Путник замер. Сухие губы уже хотели вымолвить ставшими за две с лишним сотни лет привычные слова: «Я – эрри...»
Но какой он теперь эрри? Чей эрри?
И имя. Нет больше гордого и наводившего когда-то ужас на живущих и смертных имени,
что взял он себе по обычаю Пастырей своего, Третьего поколения.
Нет ничего. Он даже больше не Пастырь. Он – никто. Униженный и раздавленный каторжник. Разжалованный из властелинов мира в собаки-ищейки штрафник.
Старик заскрипел зубами, а перед глазами возникла навечно врезавшаяся в память картина:
...Пылают факелы. Надвинув капюшоны на глаза, застыли ровными рядами Пастыри. Внутренний Круг. Основа основ. Столпы мира.

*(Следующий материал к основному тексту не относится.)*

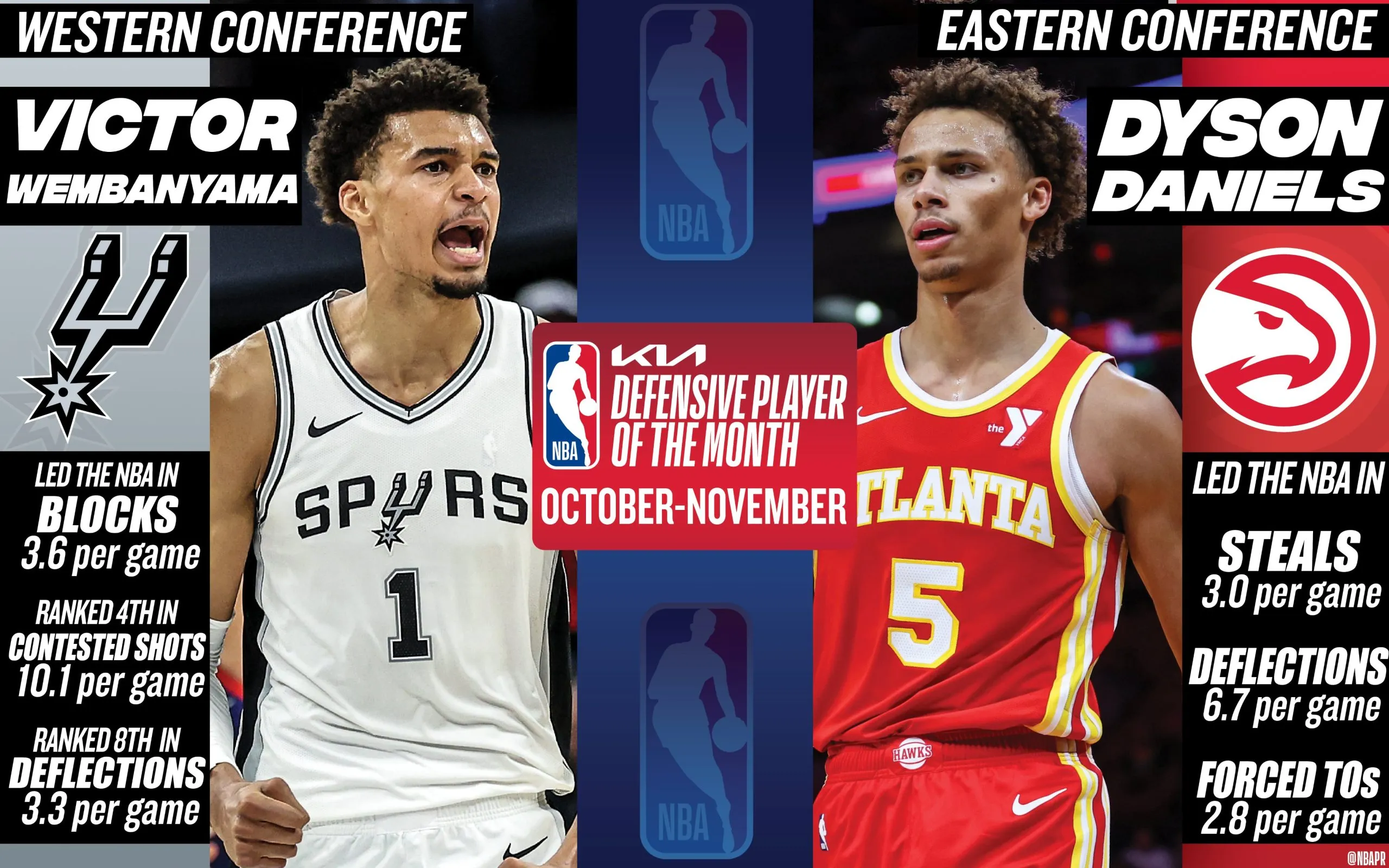 Pour justifier ces choix, la NBA met en avant le fait que Victor Wembanyama est le meilleur contreur de la ligue (3.6 blocks par match), qu’il est quatrième au niveau des tirs contestés par match (10.1) et huitième au niveau des ballons déviés (3.3). Dyson Daniels est lui le meilleur intercepteur (3.0 steals par match) de la ligue et le joueur qui dévie le plus de ballons (6.7) mais également celui qui force le plus de ballons perdus chez l’adversaire (2.7).

Судья, эрри Актор, облаченный в строгую мантию цвета ночи, поднялся со своего места и торжественным, громовым голосом начал читать:
– Магнус Юрус Пасторс на основании всего услышанного, увиденного и доказанного постановил: бывшего Стоящего-у-Оси, бывшего эрри, лишенного имени, некогда именовавшего себя Основателем Нового пути, приговорить к...
– Толлеро! – перебил судью чей-то взволнованный голос. Подсудимый, сидевший с низко склоненной головой, сухо улыбнулся тонкими губами. Этот голос он узнал бы из миллиона. Голос своего собственного ученика. Голос иерарха Великого Круга. Голос эрри Орбиса Веруса.